■ Requirement ■
Shown below is a listing with pictures; reproduce exactly, and only, the lines between the ones containing "3、多维度习惯数据呈现,快速" and "- 🌟Three sizes: The", inclusive, leaving the pictures out.

■ Recorded information ■
____
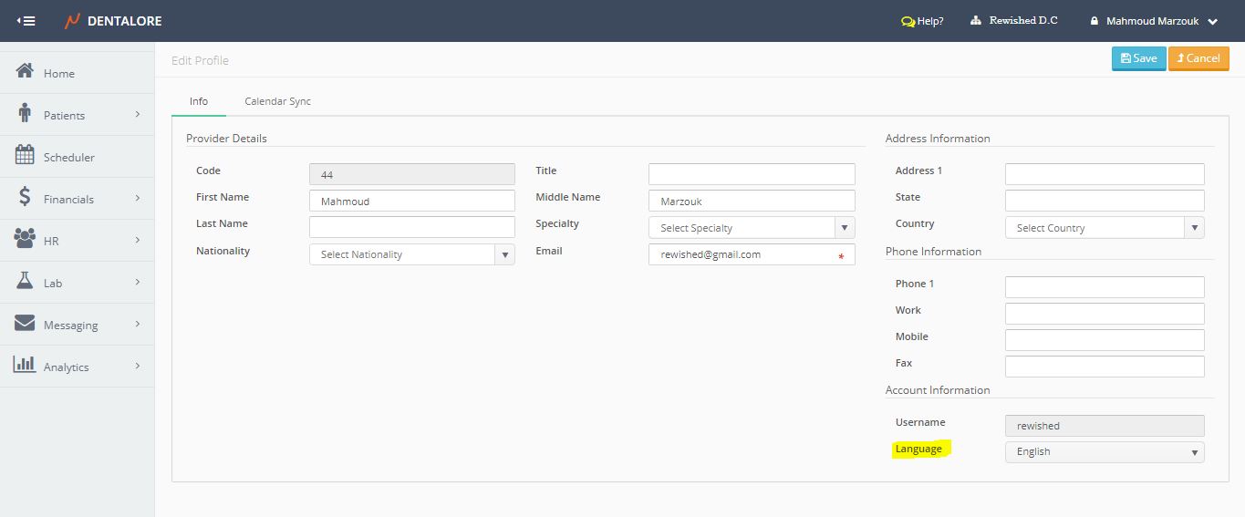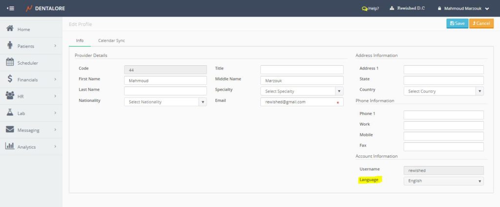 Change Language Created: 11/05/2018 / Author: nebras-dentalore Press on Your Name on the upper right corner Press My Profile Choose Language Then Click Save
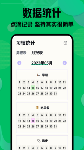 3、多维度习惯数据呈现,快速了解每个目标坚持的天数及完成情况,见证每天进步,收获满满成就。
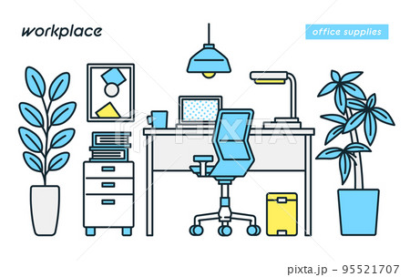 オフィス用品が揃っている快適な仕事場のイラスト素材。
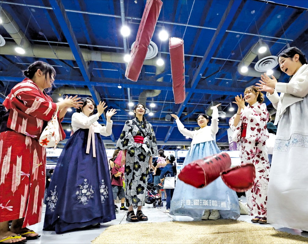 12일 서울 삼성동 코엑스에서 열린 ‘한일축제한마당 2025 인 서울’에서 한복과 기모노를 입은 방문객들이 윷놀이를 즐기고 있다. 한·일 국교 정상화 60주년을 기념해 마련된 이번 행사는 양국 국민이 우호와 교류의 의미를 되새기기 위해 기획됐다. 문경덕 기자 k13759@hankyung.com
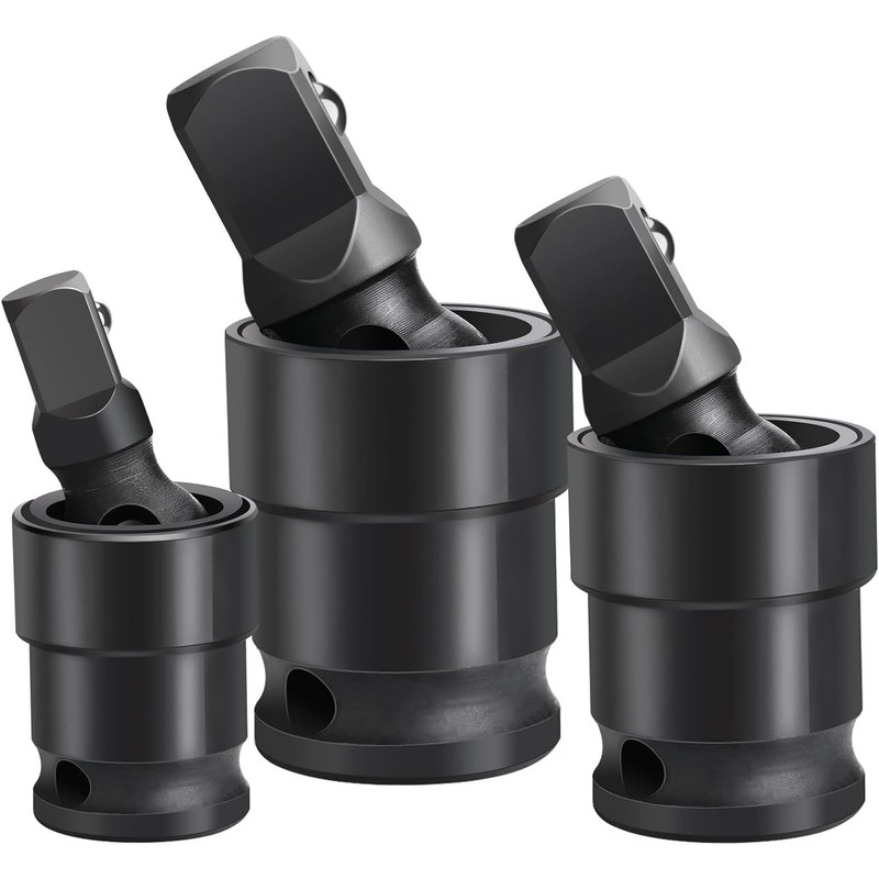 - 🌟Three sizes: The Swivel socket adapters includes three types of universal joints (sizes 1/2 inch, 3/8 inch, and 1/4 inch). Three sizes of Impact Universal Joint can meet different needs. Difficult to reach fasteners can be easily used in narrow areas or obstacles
____
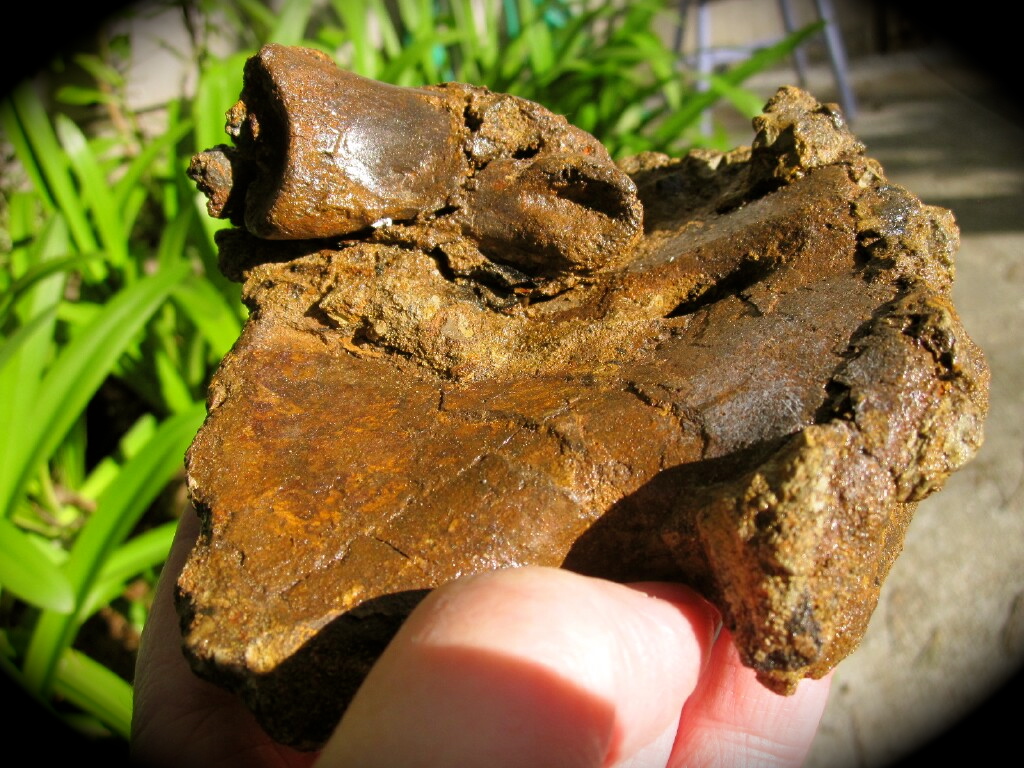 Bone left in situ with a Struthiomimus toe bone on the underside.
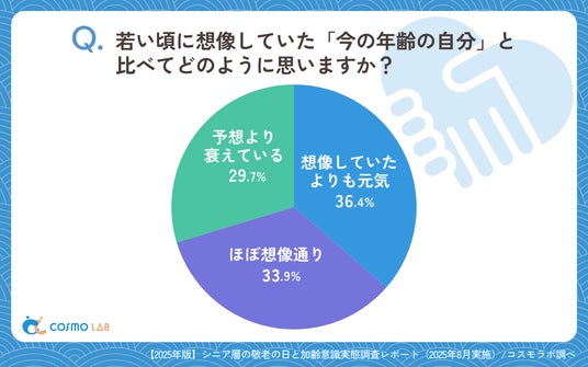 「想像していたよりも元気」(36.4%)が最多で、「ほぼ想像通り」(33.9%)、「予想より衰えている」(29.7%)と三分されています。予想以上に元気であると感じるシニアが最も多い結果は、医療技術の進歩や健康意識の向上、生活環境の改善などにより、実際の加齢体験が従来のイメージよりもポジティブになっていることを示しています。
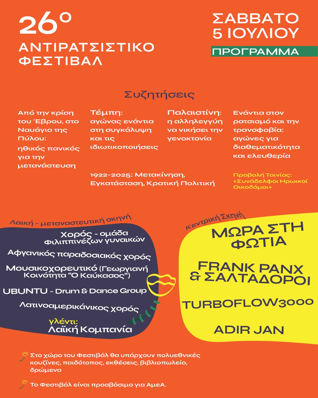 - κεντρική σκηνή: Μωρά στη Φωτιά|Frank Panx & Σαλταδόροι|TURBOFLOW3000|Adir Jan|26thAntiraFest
____
■ Output ■
 3、多维度习惯数据呈现,快速了解每个目标坚持的天数及完成情况,见证每天进步,收获满满成就。
 オフィス用品が揃っている快適な仕事場のイラスト素材。
 12일 서울 삼성동 코엑스에서 열린 ‘한일축제한마당 2025 인 서울’에서 한복과 기모노를 입은 방문객들이 윷놀이를 즐기고 있다. 한·일 국교 정상화 60주년을 기념해 마련된 이번 행사는 양국 국민이 우호와 교류의 의미를 되새기기 위해 기획됐다. 문경덕 기자 k13759@hankyung.com
 - 🌟Three sizes: The Swivel socket adapters includes three types of universal joints (sizes 1/2 inch, 3/8 inch, and 1/4 inch). Three sizes of Impact Universal Joint can meet different needs. Difficult to reach fasteners can be easily used in narrow areas or obstacles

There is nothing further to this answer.